▸ Activity
Each line of the records that includes "with" should be found and copied.

▸ Entries shown
((
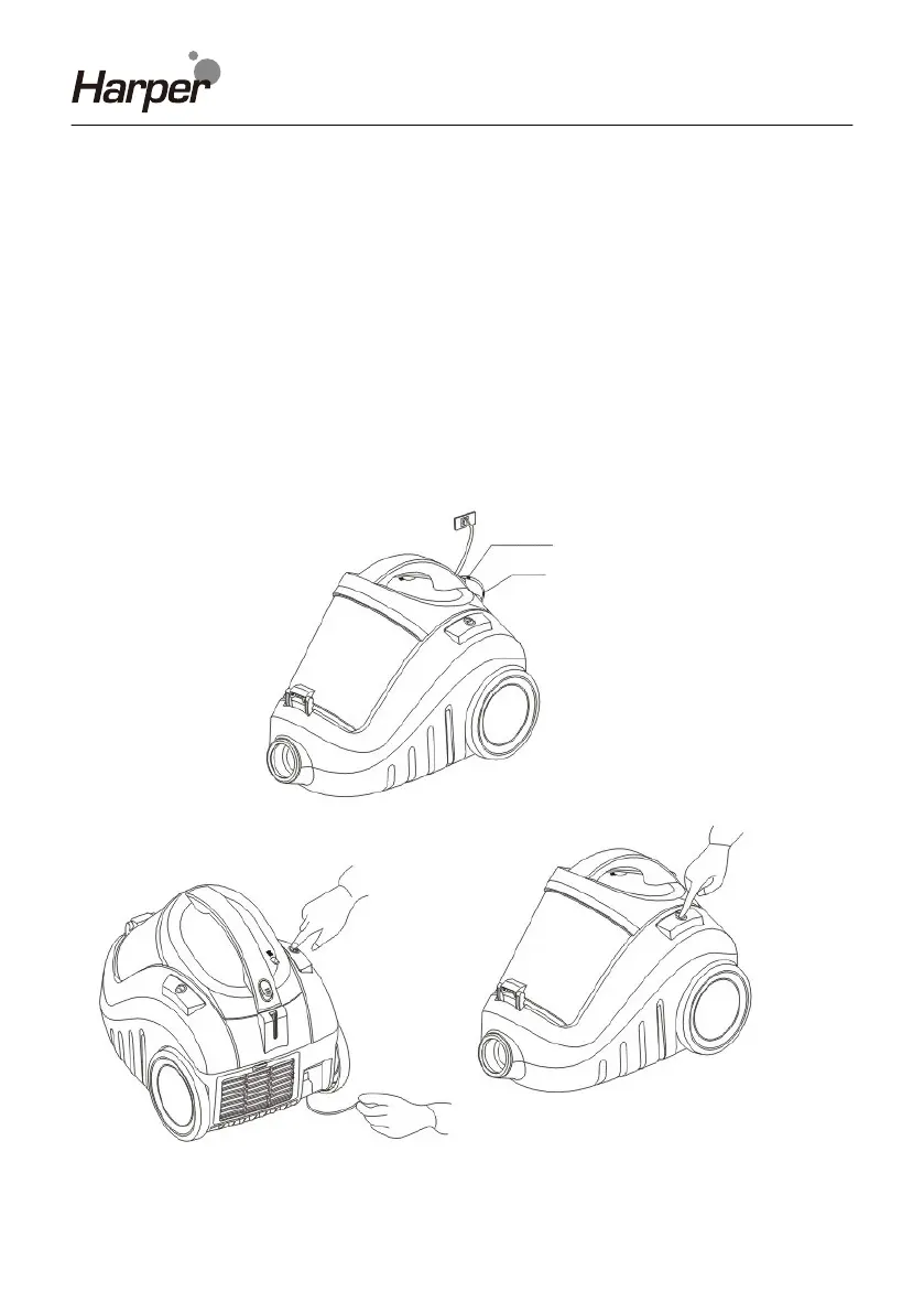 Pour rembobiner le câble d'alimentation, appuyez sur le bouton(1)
))
((
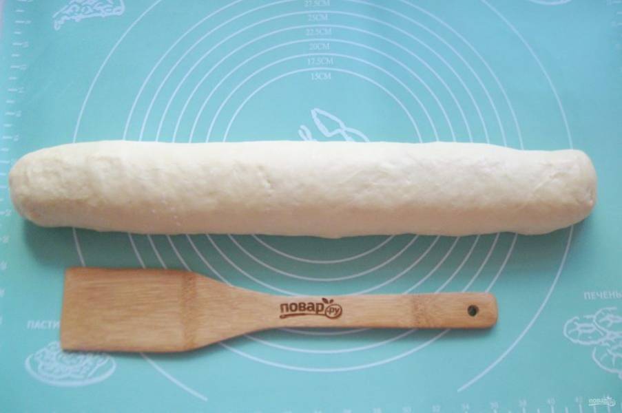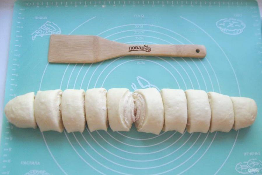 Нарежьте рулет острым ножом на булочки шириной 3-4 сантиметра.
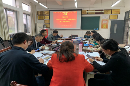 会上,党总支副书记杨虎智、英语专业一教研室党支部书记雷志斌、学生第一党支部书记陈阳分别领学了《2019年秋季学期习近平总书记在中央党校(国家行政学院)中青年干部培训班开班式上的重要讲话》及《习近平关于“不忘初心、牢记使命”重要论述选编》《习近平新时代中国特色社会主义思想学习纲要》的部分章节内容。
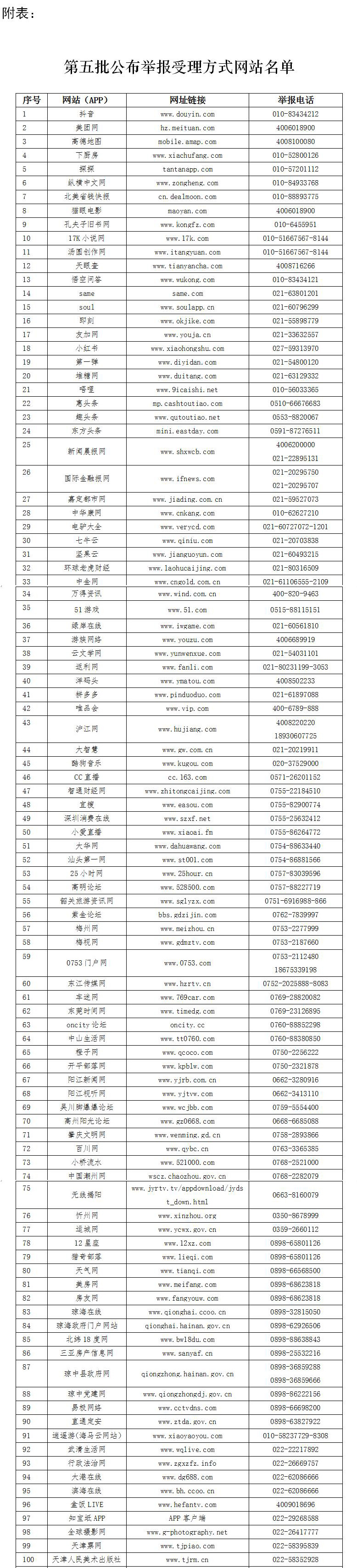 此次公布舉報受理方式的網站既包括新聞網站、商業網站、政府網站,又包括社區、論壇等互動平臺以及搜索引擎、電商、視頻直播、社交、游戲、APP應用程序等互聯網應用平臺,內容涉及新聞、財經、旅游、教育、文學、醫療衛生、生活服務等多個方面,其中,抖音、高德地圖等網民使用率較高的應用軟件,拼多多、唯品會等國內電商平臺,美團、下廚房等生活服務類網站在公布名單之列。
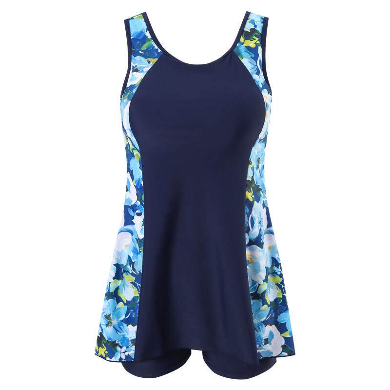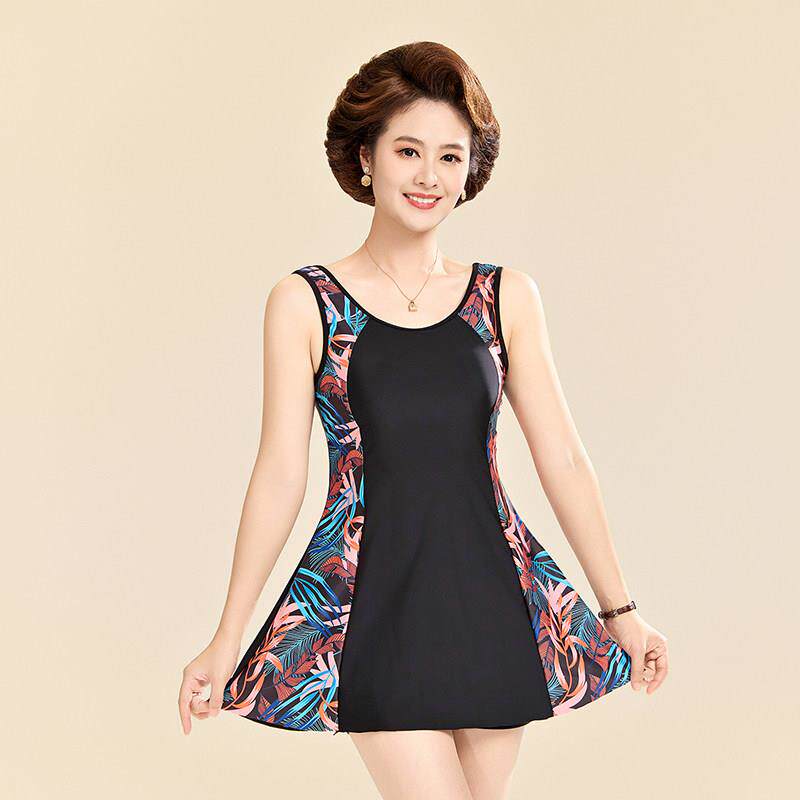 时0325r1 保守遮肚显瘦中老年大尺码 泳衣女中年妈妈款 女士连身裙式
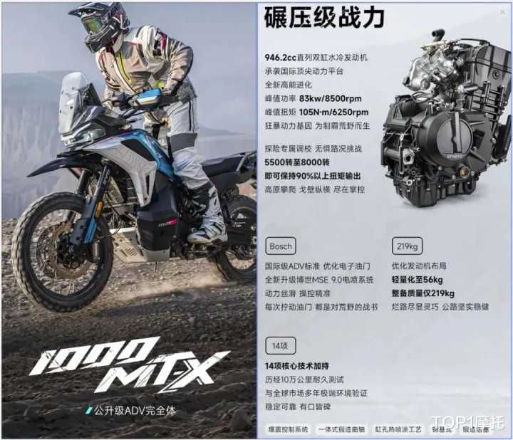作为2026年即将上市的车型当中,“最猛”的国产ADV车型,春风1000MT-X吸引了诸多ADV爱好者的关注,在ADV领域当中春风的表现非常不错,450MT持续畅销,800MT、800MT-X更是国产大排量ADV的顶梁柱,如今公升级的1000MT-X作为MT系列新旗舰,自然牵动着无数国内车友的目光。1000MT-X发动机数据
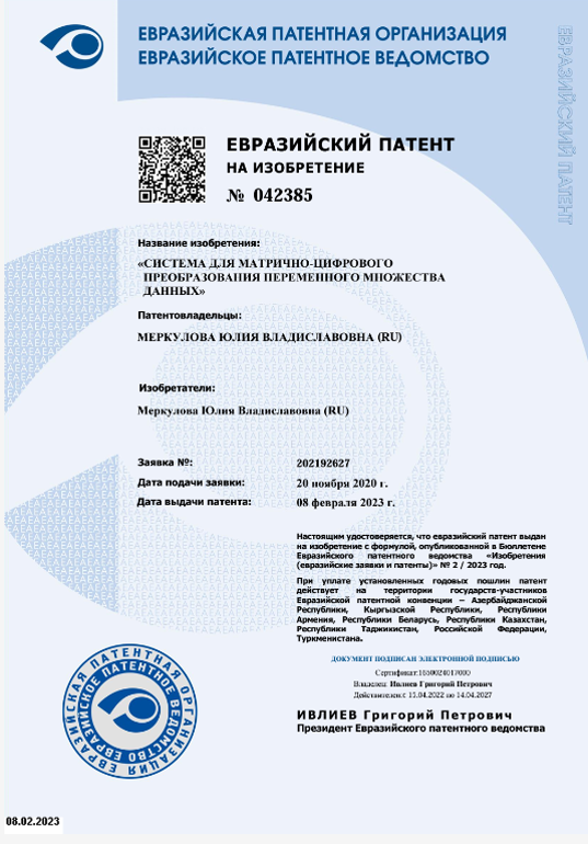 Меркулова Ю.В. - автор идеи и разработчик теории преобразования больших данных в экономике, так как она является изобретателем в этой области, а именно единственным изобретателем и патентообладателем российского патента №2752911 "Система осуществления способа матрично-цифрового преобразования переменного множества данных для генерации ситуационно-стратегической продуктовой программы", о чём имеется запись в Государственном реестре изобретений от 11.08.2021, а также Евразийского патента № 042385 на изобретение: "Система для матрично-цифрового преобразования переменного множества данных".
))
((
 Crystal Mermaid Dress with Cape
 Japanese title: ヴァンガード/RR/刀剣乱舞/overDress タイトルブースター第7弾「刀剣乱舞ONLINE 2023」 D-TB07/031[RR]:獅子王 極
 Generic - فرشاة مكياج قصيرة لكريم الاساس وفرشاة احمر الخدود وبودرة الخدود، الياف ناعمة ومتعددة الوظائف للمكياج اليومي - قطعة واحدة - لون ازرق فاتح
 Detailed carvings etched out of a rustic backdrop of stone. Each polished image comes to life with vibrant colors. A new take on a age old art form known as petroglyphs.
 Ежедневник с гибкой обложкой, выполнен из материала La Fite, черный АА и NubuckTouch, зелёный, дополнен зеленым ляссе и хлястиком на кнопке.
))
▸ Solution for this task
 Crystal Mermaid Dress with Cape
 Detailed carvings etched out of a rustic backdrop of stone. Each polished image comes to life with vibrant colors. A new take on a age old art form known as petroglyphs.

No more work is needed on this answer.